Tuve stared at her, looked at Dashee, a question on his face.
Dashee said, “We don’t do it. Don’t take white people down that trail. They are not initiated. They don’t know the prayers to say, don’t know what Masaw told us to do. If they go down for the wrong reason, with the wrong spirit, a Two Heart will make them fall.”
Craig looked surprised, then interested. “Masaw? Who’s that?”
Tuve ignored the question.
Dashee looked at Chee.
Chee shrugged. “I’m not a Hopi, you know, but we Navajos understand that Masaw is their Guardian Spirit of the Underworld. Sometimes he’s called Skeleton Man or Death Man because he taught the Hopis not to be afraid to die. Anyway, after the Hopis came up to the Earth Surface World, they say God made him sort of their guardian if I’ve got it right. And the Two Hearts are the sort of people who didn’t quite make the transition from what they were in the underworld into the human form. Didn’t get rid of the evil. Still have an extra animal heart. Sort of like the witches you white people talk about.”
“Or like the witches Navajos call Skinwalkers,” Dashee said, with a sardonic glance at Chee.
“Actually, we call them Long Lookers,” Chee said, looking slightly apologetic. “And we have several versions of them.”
“I think the rain’s finished here for now,” Dashee said, trying to change the subject. “Moving over to the Checkerboard Reservation.”
“One more question,” Chee said. “Mr.
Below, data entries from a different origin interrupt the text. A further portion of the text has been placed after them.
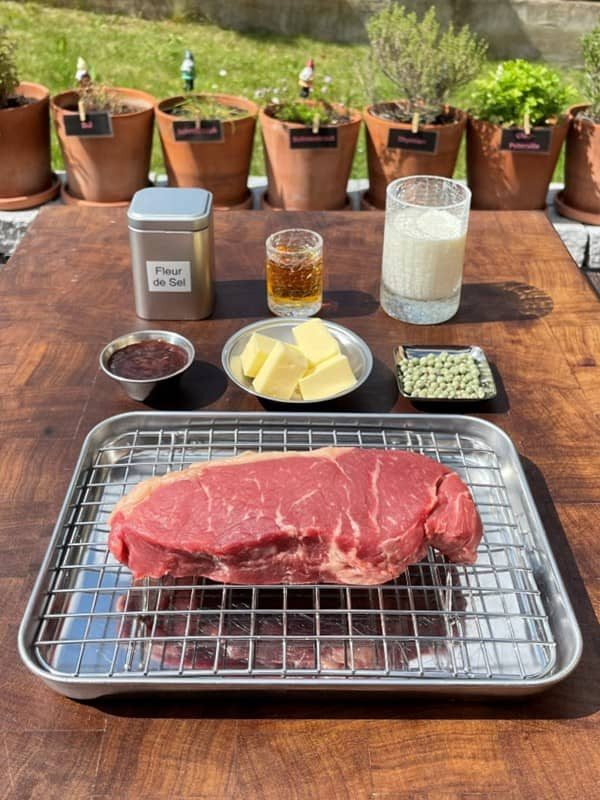 Inspiriert von Anthony Bourdain. "Steak au poivre" ist ein klassisches französisches Gericht aus kurzgebratenem Rindersteak, das mit grobem Pfeffer gewürzt und in einer cremigen Cognac-Pfeffersauce serviert wird. Es überzeugt durch seine würzige Kruste und die aromatische Sauce – perfekt für besondere Anlässe oder ein elegantes Dinner.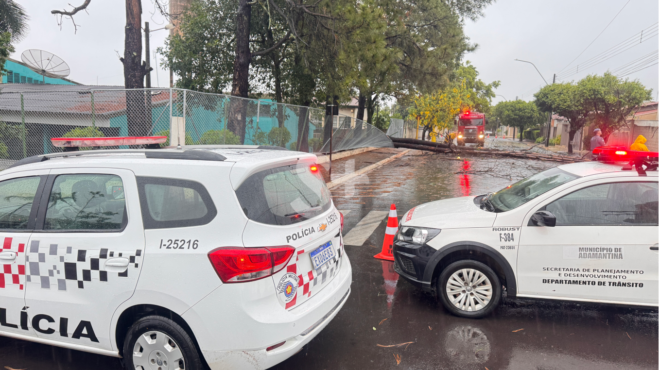 Uma árvore localizada na área interna da Escola Estadual Helen Keller caiu na manhã deste sábado (13), durante a chuva registrada em Adamantina, atingindo a Alameda Jarbas Bento da Silva e provocando a interdição temporária da via. O tráfego só foi liberado após a atuação conjunta do Corpo de Bombeiros e de equipes da Prefeitura. A Polícia Militar também compareceu ao local.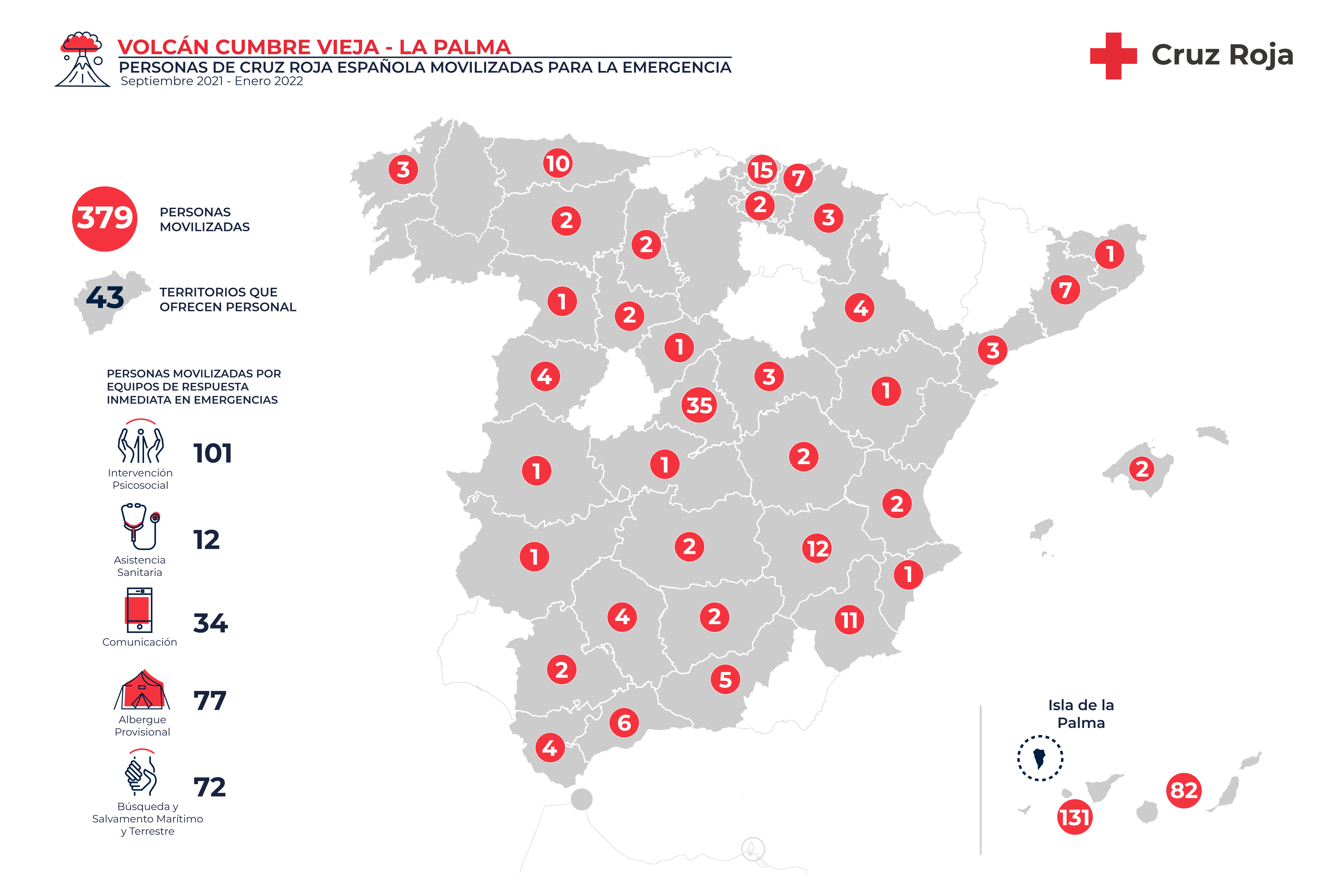 - Cinco meses después de que el volcán de Cumbre Vieja entrara en su erupción, Cruz Roja pone fin al despliegue de personal y recursos de respuesta en emergencia. Pero esto no significa que la ayuda cese, puesto que los planes de recuperación siguen adelante, y la Organización continuará apoyando en la isla de La Palma para paliar y mitigar los daños personales y materiales producidos por esta crisis.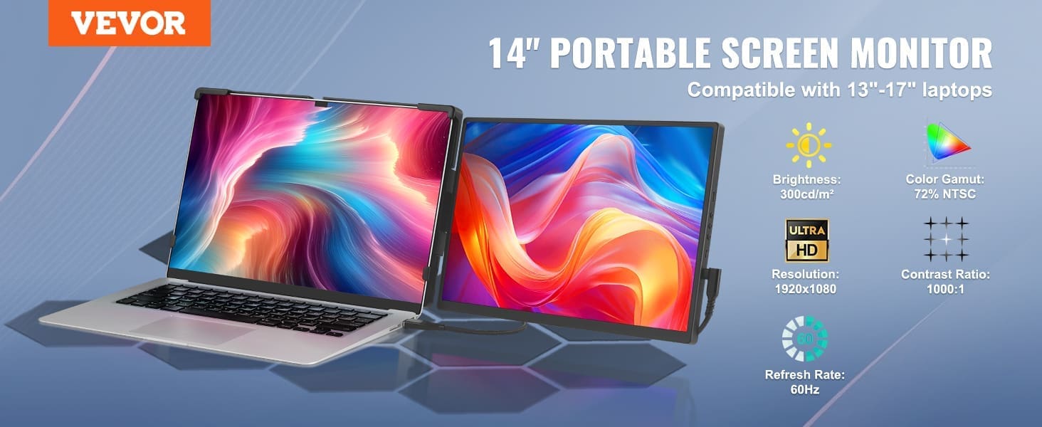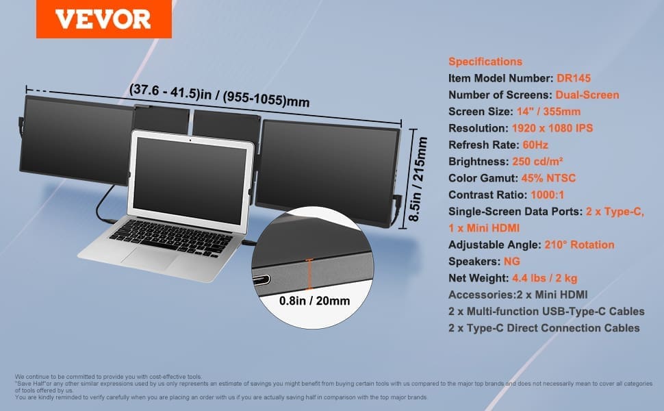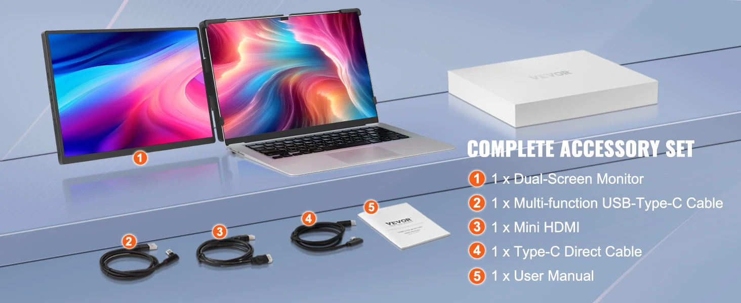 Includes all necessary accessories: 1 mini HDMI cable, 1 multifunctional USB Type-C cable, and 1 Type-C direct connection cable. Weighing just 2.6 lbs, the VEVOR monitor for the laptop screen ensures efficient work anywhere.

Tuve, who was that man who came to see you this morning?”
“I don’t know him. He said his name was Jim Belshaw, and he said he wanted to know about getting me out of jail. And he wanted to talk to me about the diamond. He said he would come back later to get me out.”
Tuve nodded toward Craig, who was watching this exchange. “I thought maybe this lady here sent him. She could tell you about him.”
“I didn’t send him,” Craig said, looking startled and flustered. She glanced at Chee, a questioning look.
“Oh,” Tuve said. “That seems funny.”
She looked at Chee. “One of your people?”
“Not us,” Chee said. “I don’t know who he was. Neither did the court clerk.”
“Well, anyway, then,” Craig said to Tuve. “If you can’t take me down the Salt Trail—and I really don’t want to bother your Two Hearts—then we’ll just get down there another way.”
Chee noticed that she was smiling at Tuve as she said it.
9
The thunderstorm was gone from Gallup now, drifting away to bestow its blessing wherever the wind or Pueblo rain dances took it. One of Billy Tuve’s numerous uncles had arrived to give him a ride back to Shungopovi on Second Mesa. Chee watched Joanna Craig chatting with Tuve, a conversation he didn’t manage to overhear, and then giving him his instructions on the requirements of those free on bond. Chee gave Craig his police card and a request that she stay in touch. Then Dashee led the way out into the hotel parking lot to Chee’s car.
“Look at it,” Dashee said. “Clean. Didn’t recognize it. I never saw it like that before. You can even make out that Navajo Nation symbol on the door.”
“Get in, Cowboy,” Chee said. “Let’s get something to eat.”
“And decide what to do,” Dashee said. “What’d you think of that Craig woman?”
“How about you?” Chee said. “I noticed you were being uncharacteristically polite. I mean, hopping up and rushing over to get her purse and hand it to her.”
“It was heavy,” Dashee said.
“Yeah,” Chee said. “I thought it would be. The way it looked.”
“Maybe she’s carrying a super makeup outfit, or a really old-fashioned cell telephone, or”—Dashee gave Chee a sidewise look—“maybe a pistol?”
“The pistol occurred to me,” Chee said. “She’s from the East, you know. A lot of Easterners worry about you Indians.”
“Hey!” Dashee said. “We Hopis are the peaceful ones. You Navajos were the hostiles. And you were showing it again today.”
“What do you mean by that?”
“You wouldn’t let us eat lunch with Ms. Craig there at the hotel. So we just sat there in the chair and watched them eat.”
“Good point,” Chee said. “That wasn’t very smart.” He turned his clean, rain-washed car into the Bob’s Diner parking lot.
While they dined they agreed on several other points.
For one, Tuve would win no prizes for intellectual brilliance. His story about swapping his shovel for the diamond was not going to sound likely to a jury.